Reputation: 349
I want to filter my data for Datetime column in the format yyy-mm-dd. However, its string value and there is a timestamp associated with the date. I don't want this timestamp in my column. I am using Pyspark for it.
Format of date- 2021/09/23 09:00:00+00,
Format to be done- 2021-09-23
from pyspark.sql.functions import to_date
df = df_pyspark.withColumn("date_only",to_date(col("DateTime"))) #col name in data is DateTime
The date_only
is showing null values. How should I approach here?
Upvotes: 0
Views: 1681
Reputation: 15318
When using the fonction to_date
, you need to pass a format string. The format string can be created using the official documentation for simpleDateFormat - avaialble from the spark documentation directly.
In your case, the format is yyyy/MM/dd HH:mm:ssX
:
df.withColumn("t", F.to_date("datetime", "yyyy/MM/dd HH:mm:ssX")).show(truncate=False)

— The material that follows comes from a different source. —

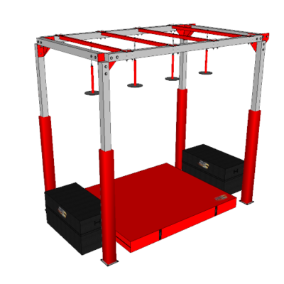 The High unstable discs present a challenge for even the most seasoned Ninjas. The discs are constructed similarly to our floating pole obstacle except the pole is now around 1.5ft and hang at a height where the ninja now grasp the obstacle with their hands. There are a few ways to get across these pesky little guys which allow your Ninjas to learn a few different techniques and body movements. The poles are steel and powder coated to the color of your choice and the disc is made of a dense, high quality wood.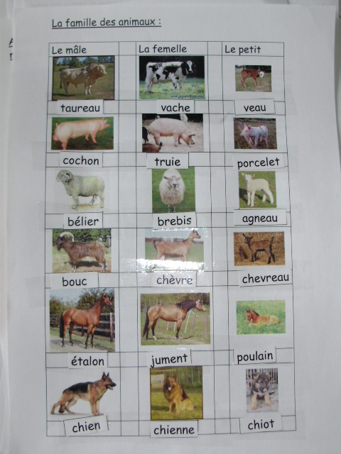 est le mâle de la chienne", "le porcelet est le petit de la truie".....

+----------------------+----------+
|DateTime |t |
+----------------------+----------+
|2021/09/23 09:00:00+00|2021-09-23|
+----------------------+----------+
you can then filter on the date :
df.where(F.to_date("datetime", "yyyy/MM/dd HH:mm:ssX") == "2021-09-23").show()
+--------------------+
| DateTime|
+--------------------+
|2021/09/23 09:00:...|
+--------------------+
Upvotes: 1